┏━━
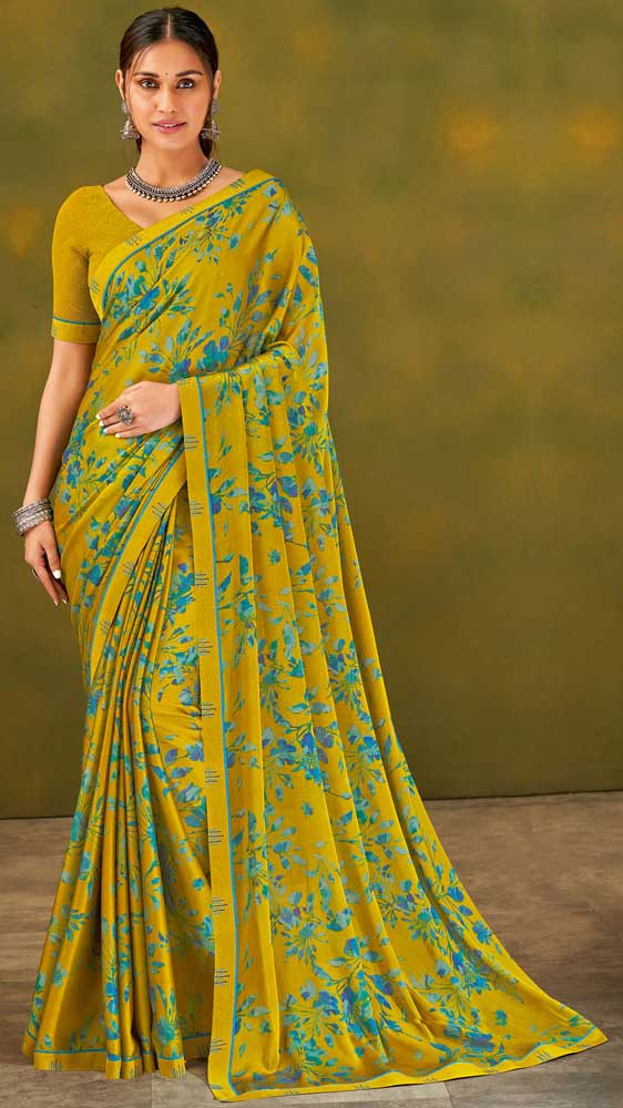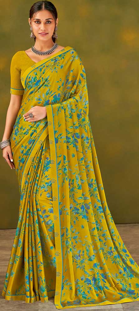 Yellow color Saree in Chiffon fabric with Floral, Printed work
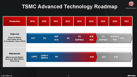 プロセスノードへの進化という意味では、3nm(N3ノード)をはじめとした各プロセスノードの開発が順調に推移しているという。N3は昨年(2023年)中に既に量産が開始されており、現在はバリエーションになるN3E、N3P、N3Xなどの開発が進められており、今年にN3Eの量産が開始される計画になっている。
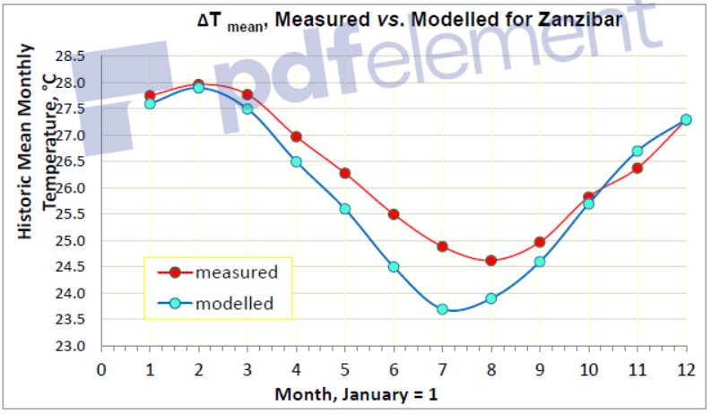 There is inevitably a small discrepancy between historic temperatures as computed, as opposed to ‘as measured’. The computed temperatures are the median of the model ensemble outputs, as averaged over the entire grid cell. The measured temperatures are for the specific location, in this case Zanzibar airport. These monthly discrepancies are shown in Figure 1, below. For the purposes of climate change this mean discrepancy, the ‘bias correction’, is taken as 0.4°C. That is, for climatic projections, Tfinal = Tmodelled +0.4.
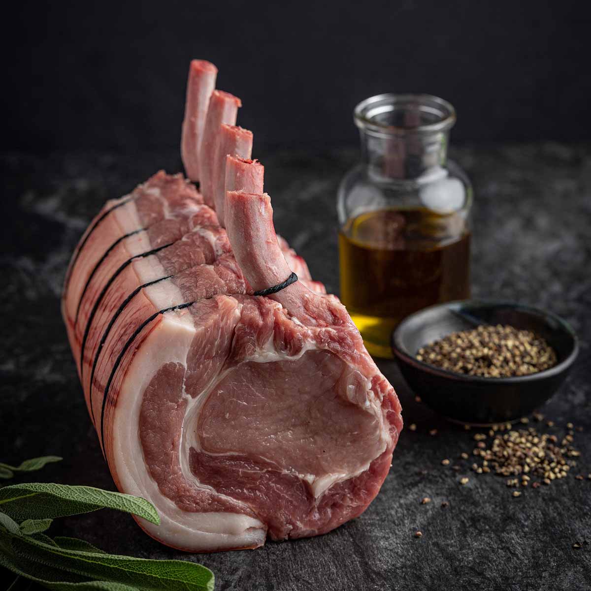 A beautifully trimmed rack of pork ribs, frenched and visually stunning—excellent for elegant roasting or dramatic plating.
┗━━
┏━━
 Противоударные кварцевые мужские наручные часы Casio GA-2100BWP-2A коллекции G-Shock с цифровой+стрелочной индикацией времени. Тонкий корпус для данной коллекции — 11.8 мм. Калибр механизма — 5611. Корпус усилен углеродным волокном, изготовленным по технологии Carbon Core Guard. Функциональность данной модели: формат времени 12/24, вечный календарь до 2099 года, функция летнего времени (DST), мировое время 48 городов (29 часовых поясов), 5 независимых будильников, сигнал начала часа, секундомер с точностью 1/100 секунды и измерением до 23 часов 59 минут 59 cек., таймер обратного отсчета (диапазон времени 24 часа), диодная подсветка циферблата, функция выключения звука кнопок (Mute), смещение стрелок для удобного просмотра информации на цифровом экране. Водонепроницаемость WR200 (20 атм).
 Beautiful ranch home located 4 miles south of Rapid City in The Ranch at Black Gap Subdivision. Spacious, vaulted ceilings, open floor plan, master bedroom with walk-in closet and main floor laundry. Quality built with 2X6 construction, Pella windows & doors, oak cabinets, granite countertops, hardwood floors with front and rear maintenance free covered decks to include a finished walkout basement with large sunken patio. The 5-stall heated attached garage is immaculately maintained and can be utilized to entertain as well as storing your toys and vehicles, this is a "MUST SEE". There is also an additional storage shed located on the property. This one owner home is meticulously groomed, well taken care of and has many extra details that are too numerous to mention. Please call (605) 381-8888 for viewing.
┗━━
What is expected :: Above are the records; copy exactly the lines from the one with "Yellow color Saree" through the one with "A beautifully trimmed", including both, and nothing more. Leave out pictures.

Exercise solution ::
 Yellow color Saree in Chiffon fabric with Floral, Printed work
 プロセスノードへの進化という意味では、3nm(N3ノード)をはじめとした各プロセスノードの開発が順調に推移しているという。N3は昨年(2023年)中に既に量産が開始されており、現在はバリエーションになるN3E、N3P、N3Xなどの開発が進められており、今年にN3Eの量産が開始される計画になっている。
 There is inevitably a small discrepancy between historic temperatures as computed, as opposed to ‘as measured’. The computed temperatures are the median of the model ensemble outputs, as averaged over the entire grid cell. The measured temperatures are for the specific location, in this case Zanzibar airport. These monthly discrepancies are shown in Figure 1, below. For the purposes of climate change this mean discrepancy, the ‘bias correction’, is taken as 0.4°C. That is, for climatic projections, Tfinal = Tmodelled +0.4.
 A beautifully trimmed rack of pork ribs, frenched and visually stunning—excellent for elegant roasting or dramatic plating.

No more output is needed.